Chiffrement des donnees : obligations RGPD et bonnes pratiques
Le chiffrement est une mesure de securite recommandee par le RGPD et exigee par NIS2. Obligations legales, types de chiffrement et mise en oeuvre pratique.
Le chiffrement des donnees constitue l’une des mesures techniques les plus frequemment invoquees par les textes europeens en matiere de protection de l’information. Le RGPD le mentionne explicitement a son article 32, la directive NIS2 en fait une exigence structurante, et la CNIL le recommande systematiquement dans ses guides pratiques. Pourtant, la mise en oeuvre du chiffrement reste un sujet mal maitrise par de nombreuses organisations, qui peinent a distinguer ce qui releve de l’obligation juridique stricte, de la recommandation forte, ou de la simple bonne pratique. Cet article propose une analyse complete du cadre juridique applicable, des standards techniques a deployer et des modalites pratiques de mise en oeuvre.

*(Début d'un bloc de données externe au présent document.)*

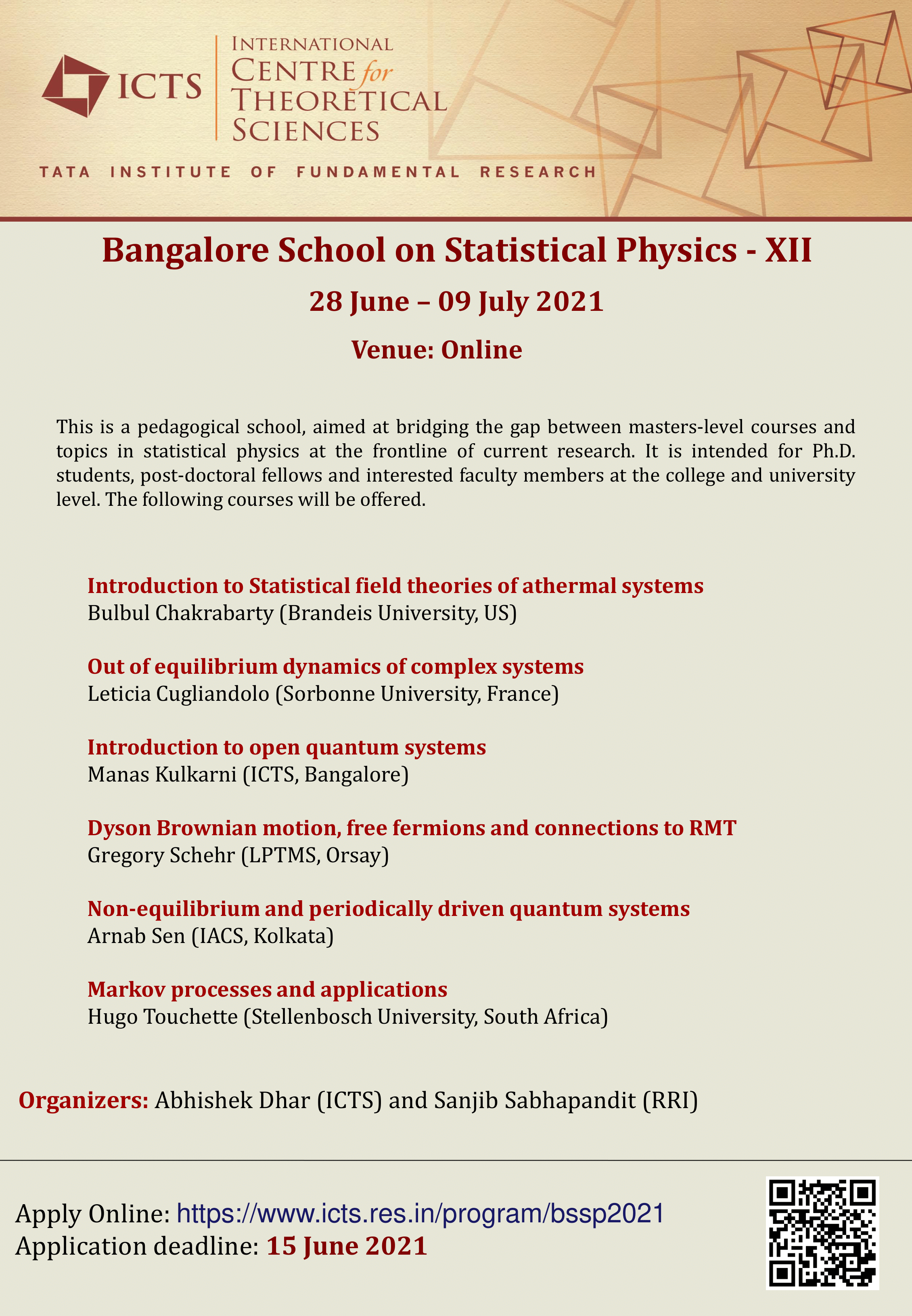 - Introduction to Statistical field theories of athermal systems by Bulbul Chakrabarty (Brandeis University, US)

Le cadre juridique du chiffrement
Le RGPD et l’article 32
L’article 32 du RGPD impose aux responsables de traitement et aux sous-traitants de mettre en oeuvre les mesures techniques et organisationnelles appropriees afin de garantir un niveau de securite adapte au risque. Le texte mentionne explicitement, au paragraphe 1, point a), “la pseudonymisation et le chiffrement des donnees a caractere personnel” parmi les mesures susceptibles d’etre deployees.

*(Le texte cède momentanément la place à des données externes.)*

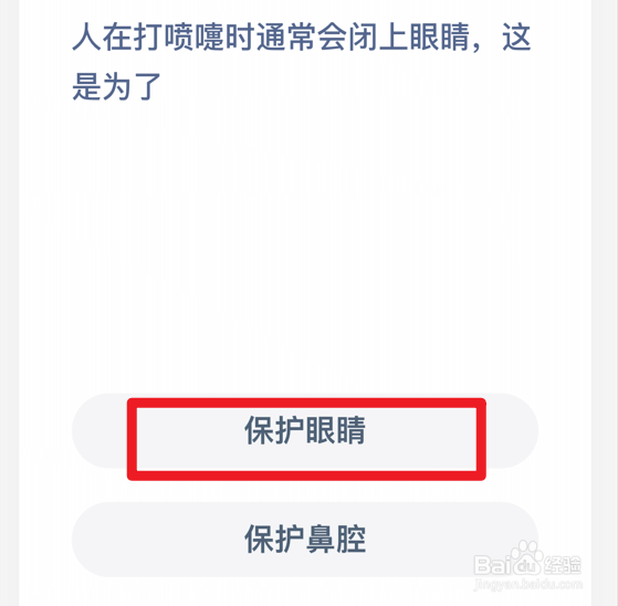 2、正确选项:保护眼睛;

Il convient de noter que le RGPD ne pose pas une obligation absolue de chiffrement. Le texte utilise la formule “selon les cas”, ce qui signifie que le chiffrement doit etre mis en oeuvre lorsqu’il est adapte au niveau de risque identifie. En pratique, cette formulation laisse une marge d’appreciation au responsable de traitement, mais cette marge se reduit considerablement a mesure que la sensibilite des donnees augmente.
Pour les donnees de sante, les donnees biometriques, les donnees relatives aux infractions penales ou les donnees revelant l’origine raciale ou ethnique, le chiffrement n’est plus une option mais une quasi-obligation. L’absence de chiffrement pour ces categories de donnees serait tres difficilement justifiable devant une autorite de controle. Pour approfondir l’ensemble des exigences de l’article 32, consultez notre guide sur la securite des donnees au titre du RGPD.
La directive NIS2 et les exigences de cryptographie
La directive (UE) 2022/2555, dite NIS2, va plus loin que le RGPD en matiere de chiffrement. Son article 21, paragraphe 2, point h), impose aux entites essentielles et importantes de mettre en oeuvre des “politiques et des procedures relatives a l’utilisation de la cryptographie et, le cas echeant, du chiffrement”. Cette formulation est significative : il ne s’agit plus seulement de chiffrer les donnees lorsque c’est necessaire, mais de disposer d’une politique formalisee en matiere de cryptographie.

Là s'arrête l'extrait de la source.